= Exercise requirements =
Print nothing but the lines below starting at the line that holds "2019年全國(guó)卷Ⅲ高考英語(yǔ)試題【6】" and ending at the line that holds "Miminko čurající. Velikost", including both, each exactly as written.
Records for this task Start Marker
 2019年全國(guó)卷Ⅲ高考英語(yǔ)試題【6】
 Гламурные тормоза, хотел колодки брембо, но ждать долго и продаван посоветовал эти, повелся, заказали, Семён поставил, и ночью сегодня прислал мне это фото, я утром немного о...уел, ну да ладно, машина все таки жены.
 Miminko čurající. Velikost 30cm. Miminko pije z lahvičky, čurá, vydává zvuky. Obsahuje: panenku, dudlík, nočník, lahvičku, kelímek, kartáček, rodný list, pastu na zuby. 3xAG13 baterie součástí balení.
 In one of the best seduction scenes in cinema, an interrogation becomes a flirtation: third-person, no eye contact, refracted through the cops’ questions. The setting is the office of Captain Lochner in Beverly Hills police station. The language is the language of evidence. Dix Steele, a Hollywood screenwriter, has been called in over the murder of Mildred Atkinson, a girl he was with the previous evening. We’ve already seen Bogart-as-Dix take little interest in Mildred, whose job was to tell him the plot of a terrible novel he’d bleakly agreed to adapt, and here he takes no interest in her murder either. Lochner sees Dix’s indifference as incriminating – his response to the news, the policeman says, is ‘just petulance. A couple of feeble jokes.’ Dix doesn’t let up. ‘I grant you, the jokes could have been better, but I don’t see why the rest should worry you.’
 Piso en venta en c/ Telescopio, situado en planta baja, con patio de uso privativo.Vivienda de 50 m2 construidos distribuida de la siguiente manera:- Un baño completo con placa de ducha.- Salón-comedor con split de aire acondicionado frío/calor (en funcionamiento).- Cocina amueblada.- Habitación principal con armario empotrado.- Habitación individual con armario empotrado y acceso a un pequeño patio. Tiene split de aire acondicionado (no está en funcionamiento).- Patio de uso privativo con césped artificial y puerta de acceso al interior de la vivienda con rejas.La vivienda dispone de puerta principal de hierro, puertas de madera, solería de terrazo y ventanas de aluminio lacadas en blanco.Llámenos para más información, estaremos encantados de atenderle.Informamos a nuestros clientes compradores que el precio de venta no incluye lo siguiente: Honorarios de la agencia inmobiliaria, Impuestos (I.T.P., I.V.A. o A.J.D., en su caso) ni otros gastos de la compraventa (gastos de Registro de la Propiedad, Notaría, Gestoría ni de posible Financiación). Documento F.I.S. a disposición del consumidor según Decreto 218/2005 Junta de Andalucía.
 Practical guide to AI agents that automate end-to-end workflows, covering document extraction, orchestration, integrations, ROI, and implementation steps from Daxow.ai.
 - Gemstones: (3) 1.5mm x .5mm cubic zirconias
Records for this task End Marker
Records for this task Start Marker
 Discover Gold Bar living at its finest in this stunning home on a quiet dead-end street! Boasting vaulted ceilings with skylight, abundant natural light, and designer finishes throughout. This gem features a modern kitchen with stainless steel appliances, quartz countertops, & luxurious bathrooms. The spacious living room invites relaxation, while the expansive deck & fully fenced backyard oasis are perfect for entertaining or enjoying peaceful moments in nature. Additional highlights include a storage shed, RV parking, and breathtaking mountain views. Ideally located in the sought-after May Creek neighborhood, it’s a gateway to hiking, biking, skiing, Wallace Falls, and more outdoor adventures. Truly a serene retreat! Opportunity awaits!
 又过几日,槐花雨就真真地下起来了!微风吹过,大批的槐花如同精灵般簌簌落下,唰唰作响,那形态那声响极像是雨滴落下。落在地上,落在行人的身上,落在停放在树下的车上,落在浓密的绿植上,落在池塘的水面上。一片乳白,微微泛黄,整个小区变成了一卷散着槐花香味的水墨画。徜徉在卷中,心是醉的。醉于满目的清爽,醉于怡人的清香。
Records for this task End Marker
= Solution =
 2019年全國(guó)卷Ⅲ高考英語(yǔ)試題【6】
 Гламурные тормоза, хотел колодки брембо, но ждать долго и продаван посоветовал эти, повелся, заказали, Семён поставил, и ночью сегодня прислал мне это фото, я утром немного о...уел, ну да ладно, машина все таки жены.
 Miminko čurající. Velikost 30cm. Miminko pije z lahvičky, čurá, vydává zvuky. Obsahuje: panenku, dudlík, nočník, lahvičku, kelímek, kartáček, rodný list, pastu na zuby. 3xAG13 baterie součástí balení.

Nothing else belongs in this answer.